_Exercise objective_:
The reply should contain the full listing exactly as written and no pictures at all.

━━━━━━━━━━━━━━━━━━━━

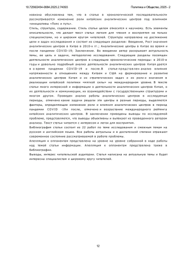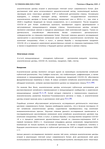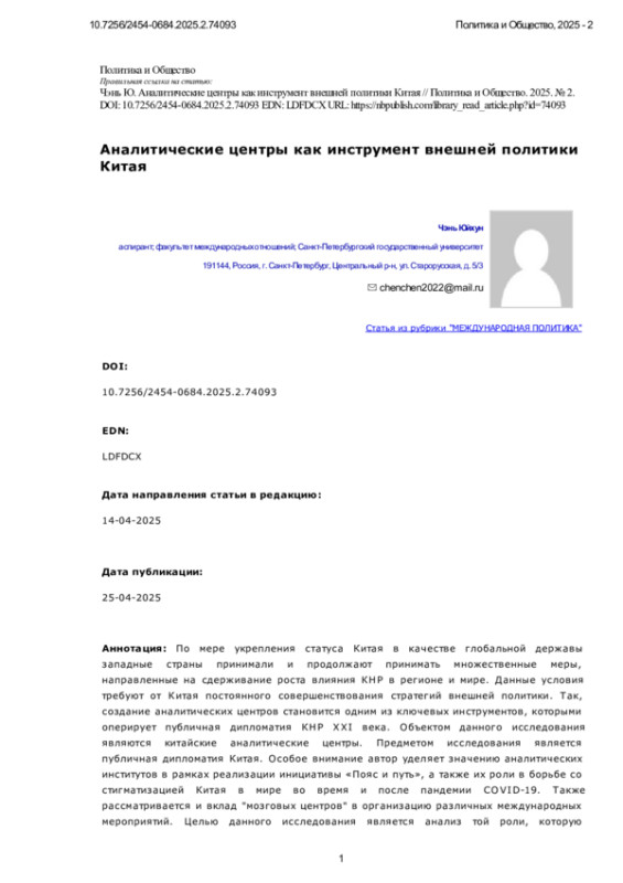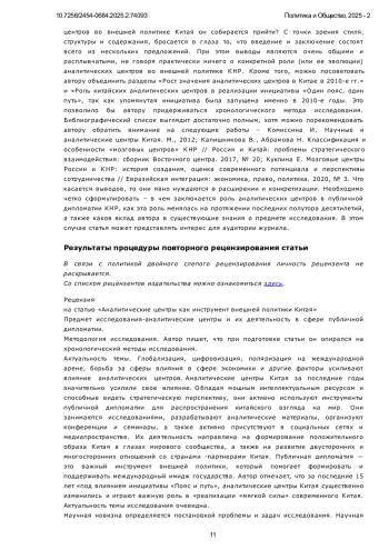 6. Zhou W. Think tanks with Chinese characteristics // International Sociology Reviews. 2023. № 38(2). С. 194-209.
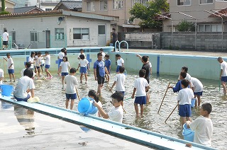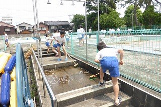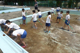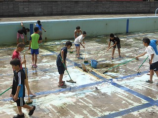 排水の都合で、大プールは改めて日をもうけて掃除を行う予定ですが、子ども達はとてもがんばって作業してくれました。
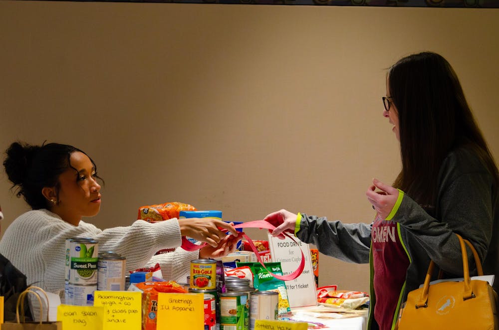 (Left) Service chair Maya Judy hands raffle tickets to an attendee of the Miss Indiana University Scholarship Competition on Feb. 15, 2026, in the Willkie Auditorium in Bloomington. The proceeds from the raffle went to Crimson Cupboard Food Pantry.
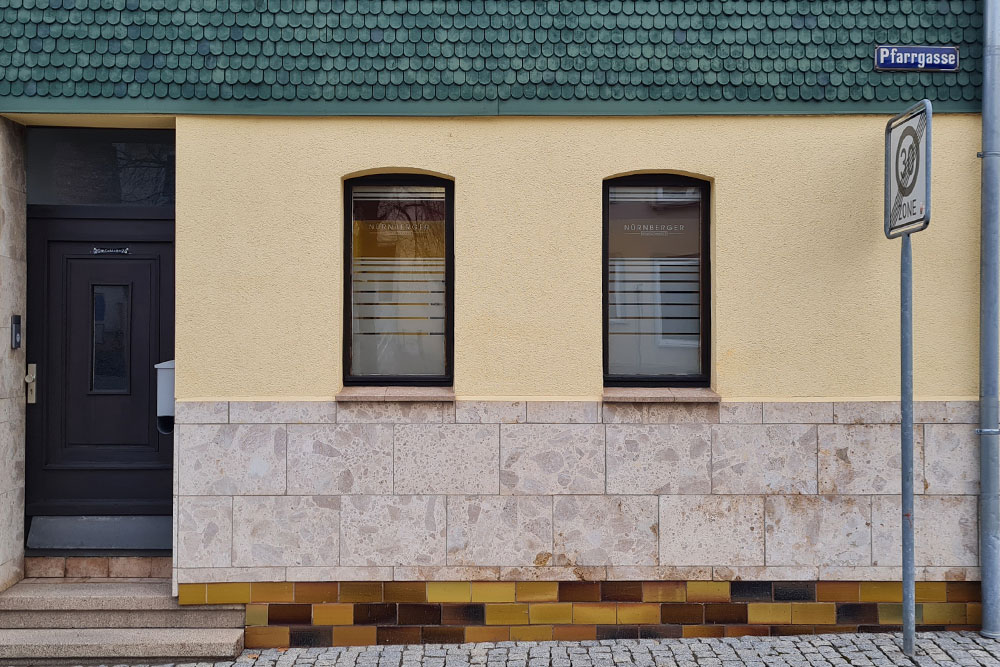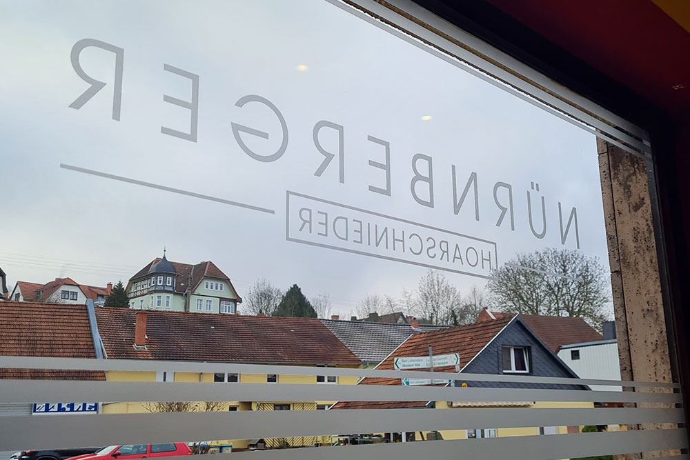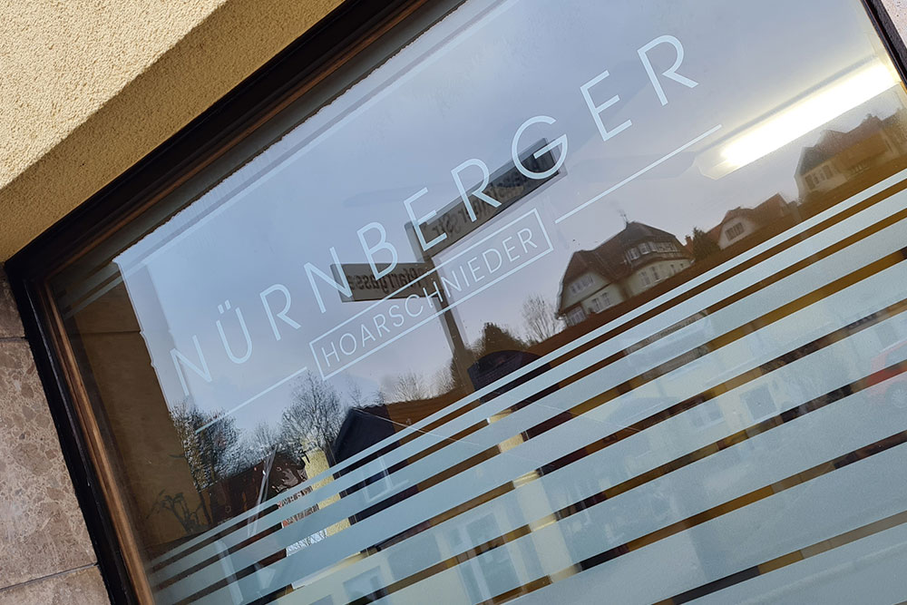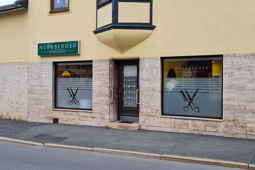 Schaufensterfolierung mit Glasdekorfolie und Leuchtschildreklame für den Friseursalon Karl Nürnberger in Schweina.
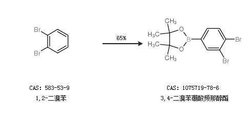 2.通过1,2-二溴苯合成3,4-二溴苯硼酸频那醇酯,收率约65%;
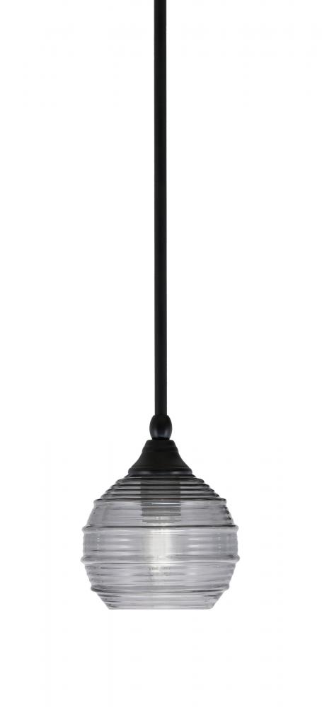 Toltec Lighting 23-MB-5112 Stem Hung Mini Pendant, Matte Black Finish, 6 Smoke Ribbed Glass
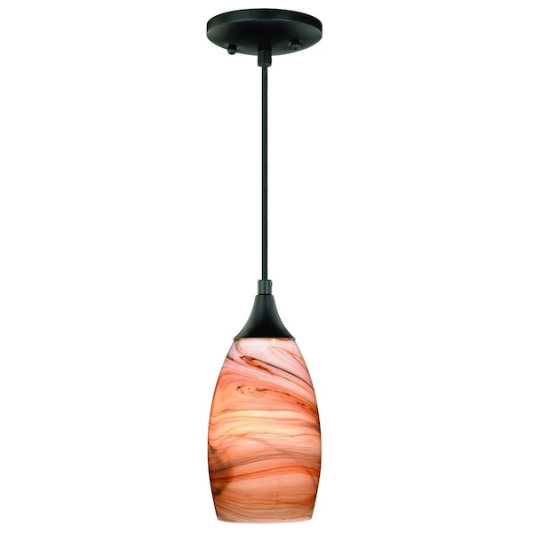 The Milano collection of mini pendant lights feature softly radiused hand-blown glass that gracefully blends into almost any decor. Because each glass is handcrafted utilizing century-old techniques, no two pieces are identical. The toffee swirl colored glass has tones of golden brown and orange and is housed in an oil rubbed bronze finish for a contemporary and artistic look. Install this mini pendant individually or in a group; ideal for kitchens, dining areas, or bar areas.
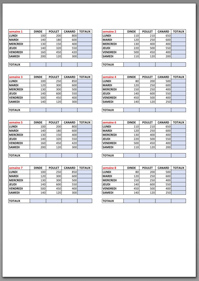 Vous préparez l'impression avec des marges étroites et une échelle réglée à 70% pour faire entrer les 8 tableaux sur une feuille.
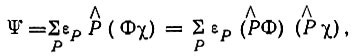 – оператор перестановок пространственных и спиновых переменных; εP = +1 для четных перестановок и (-1) – для нечетных. В результате получаем функцию
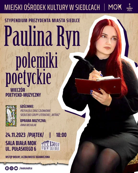 Kultura24 listopada o 18.00 w Sali Białej MOK odbędzie się stypendialny wieczór poetycki Pauliny Ryn pt. ,,Polemiki poetyckie".
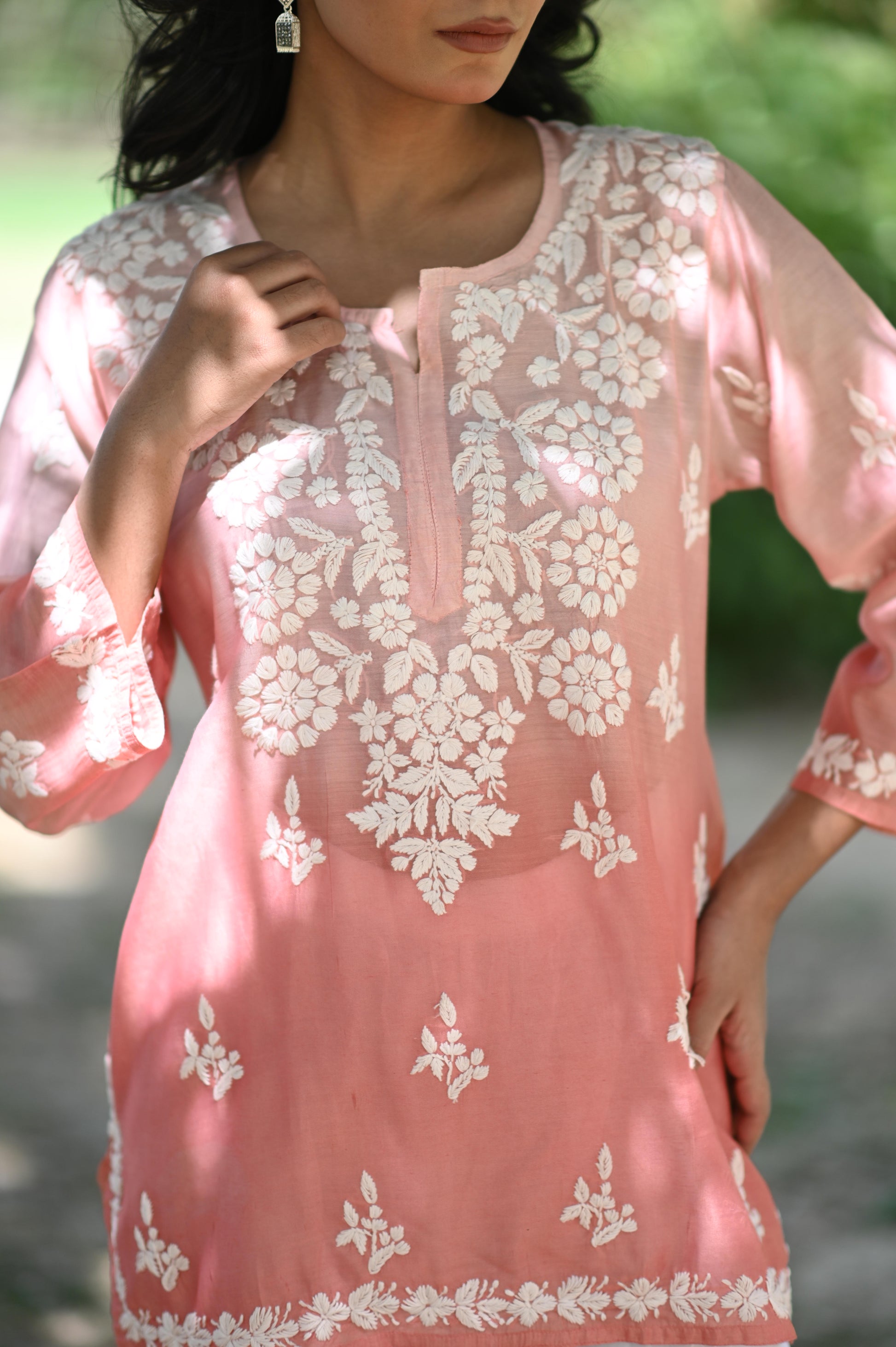 Pure Chanderi Silk Excluive Chikankari Short Top
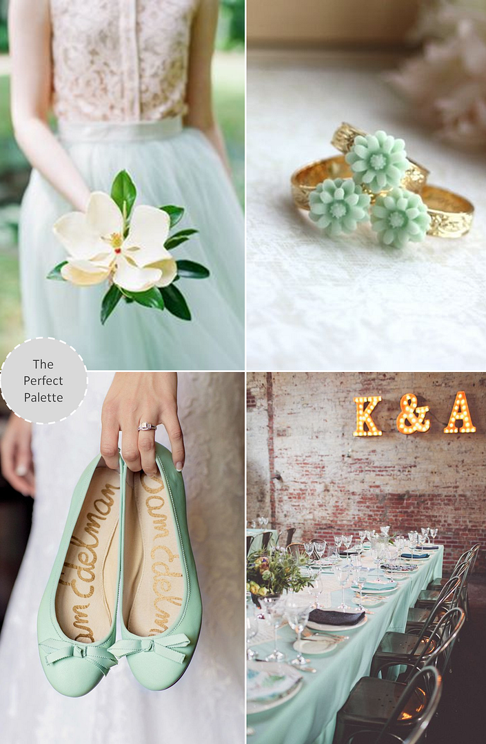 {magnolia bouquet | photo by jodi miller photography florals by jenn of sugar magnolias, 3 floral rings | marolsha, mint bow flats | photo by figlewicz photography, shoes by sam edelman via style me pretty, gorgeous reception tables | chris spira photography, event planning by melissa mcneeley via 100 layer cake}
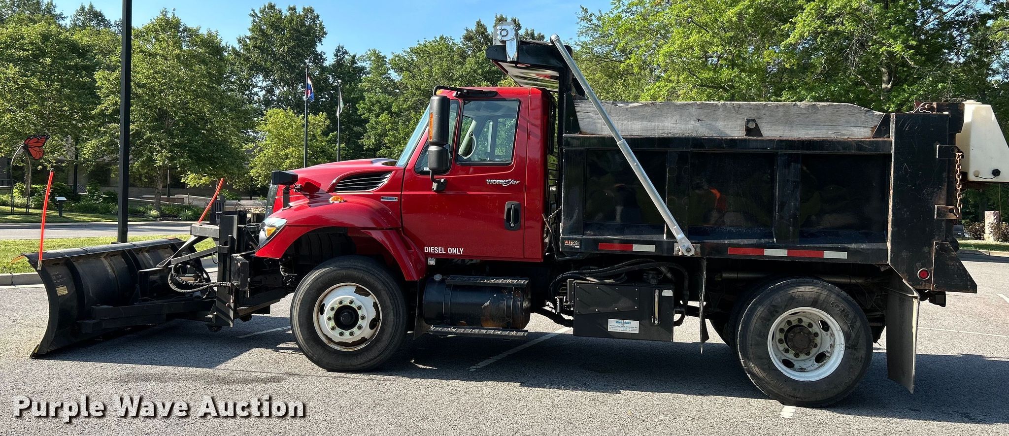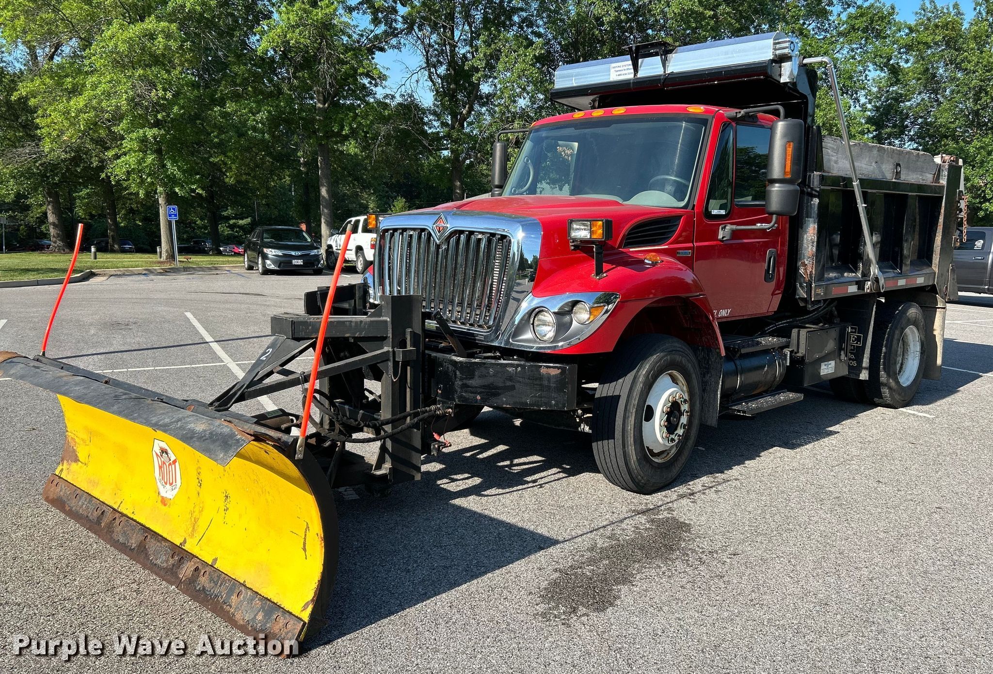 2009 International WorkStar 7400 dump truck. Miles: 47,474 on odometer, Hours: 4,056 on meter, VIN: 1HTWCAAR39J193601. Engine International MaxxForce DT, Displacement: 7.6L, Cylinders: 6, Fuel type: Diesel. Transmission Allison, Automatic. Chassis Axles: Single, Suspension: Spring, Brakes: Air, PTO, GVWR: 33,350 lbs FAWR: 12,350 lbs, RAWR: 21,000 lbs, Wheelbase: 152". Interior AC, Heat, Heated mirrors, Cruise control. Features Dump bed Air Flo, 10' L x 96" W, Side height: 39", Side board height: 12", Bed type: Steel, Roll tarp, Ram: Single , End gate: Manual, Snow plow Root springs scraper RT32FR9, Width: 108", Spreader Chain conveyor. Tires Size: 11R22.5. Notes Bed hinge mount broken due to seized pin. Missouri title. Title distribution may be delayed up to 14 days from verification of funds. City of Sunset Hills, MO. Sunset Hills, MO 63127
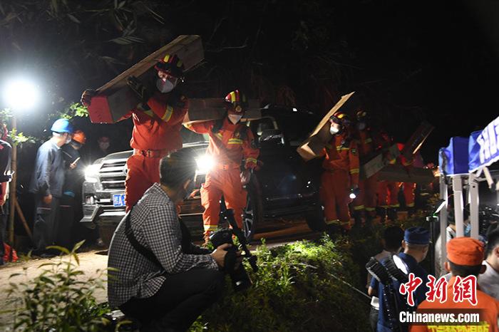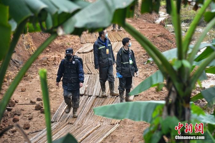 坠机事故现场下雨 工作人员铺设竹排小道
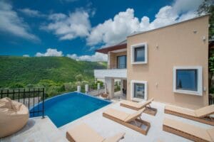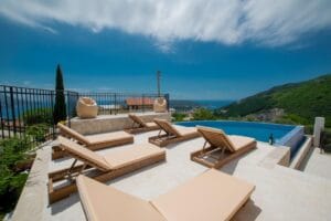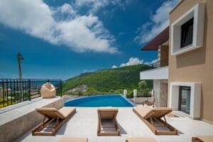 This beautiful villa has panoramic views over the open sea, three bedrooms, three bathrooms, large open plan living area, kitchen with dining room. In front of the villa is a pool with a garden and BBQ area.

━━━━━━━━━━━━━━━━━━━━

_Solution_:
 6. Zhou W. Think tanks with Chinese characteristics // International Sociology Reviews. 2023. № 38(2). С. 194-209.
 排水の都合で、大プールは改めて日をもうけて掃除を行う予定ですが、子ども達はとてもがんばって作業してくれました。
 (Left) Service chair Maya Judy hands raffle tickets to an attendee of the Miss Indiana University Scholarship Competition on Feb. 15, 2026, in the Willkie Auditorium in Bloomington. The proceeds from the raffle went to Crimson Cupboard Food Pantry.
 Schaufensterfolierung mit Glasdekorfolie und Leuchtschildreklame für den Friseursalon Karl Nürnberger in Schweina.
 2.通过1,2-二溴苯合成3,4-二溴苯硼酸频那醇酯,收率约65%;
 Toltec Lighting 23-MB-5112 Stem Hung Mini Pendant, Matte Black Finish, 6 Smoke Ribbed Glass
 The Milano collection of mini pendant lights feature softly radiused hand-blown glass that gracefully blends into almost any decor. Because each glass is handcrafted utilizing century-old techniques, no two pieces are identical. The toffee swirl colored glass has tones of golden brown and orange and is housed in an oil rubbed bronze finish for a contemporary and artistic look. Install this mini pendant individually or in a group; ideal for kitchens, dining areas, or bar areas.
 Vous préparez l'impression avec des marges étroites et une échelle réglée à 70% pour faire entrer les 8 tableaux sur une feuille.
 – оператор перестановок пространственных и спиновых переменных; εP = +1 для четных перестановок и (-1) – для нечетных. В результате получаем функцию
 Kultura24 listopada o 18.00 w Sali Białej MOK odbędzie się stypendialny wieczór poetycki Pauliny Ryn pt. ,,Polemiki poetyckie".
 Pure Chanderi Silk Excluive Chikankari Short Top
 {magnolia bouquet | photo by jodi miller photography florals by jenn of sugar magnolias, 3 floral rings | marolsha, mint bow flats | photo by figlewicz photography, shoes by sam edelman via style me pretty, gorgeous reception tables | chris spira photography, event planning by melissa mcneeley via 100 layer cake}
 2009 International WorkStar 7400 dump truck. Miles: 47,474 on odometer, Hours: 4,056 on meter, VIN: 1HTWCAAR39J193601. Engine International MaxxForce DT, Displacement: 7.6L, Cylinders: 6, Fuel type: Diesel. Transmission Allison, Automatic. Chassis Axles: Single, Suspension: Spring, Brakes: Air, PTO, GVWR: 33,350 lbs FAWR: 12,350 lbs, RAWR: 21,000 lbs, Wheelbase: 152". Interior AC, Heat, Heated mirrors, Cruise control. Features Dump bed Air Flo, 10' L x 96" W, Side height: 39", Side board height: 12", Bed type: Steel, Roll tarp, Ram: Single , End gate: Manual, Snow plow Root springs scraper RT32FR9, Width: 108", Spreader Chain conveyor. Tires Size: 11R22.5. Notes Bed hinge mount broken due to seized pin. Missouri title. Title distribution may be delayed up to 14 days from verification of funds. City of Sunset Hills, MO. Sunset Hills, MO 63127
 坠机事故现场下雨 工作人员铺设竹排小道
 This beautiful villa has panoramic views over the open sea, three bedrooms, three bathrooms, large open plan living area, kitchen with dining room. In front of the villa is a pool with a garden and BBQ area.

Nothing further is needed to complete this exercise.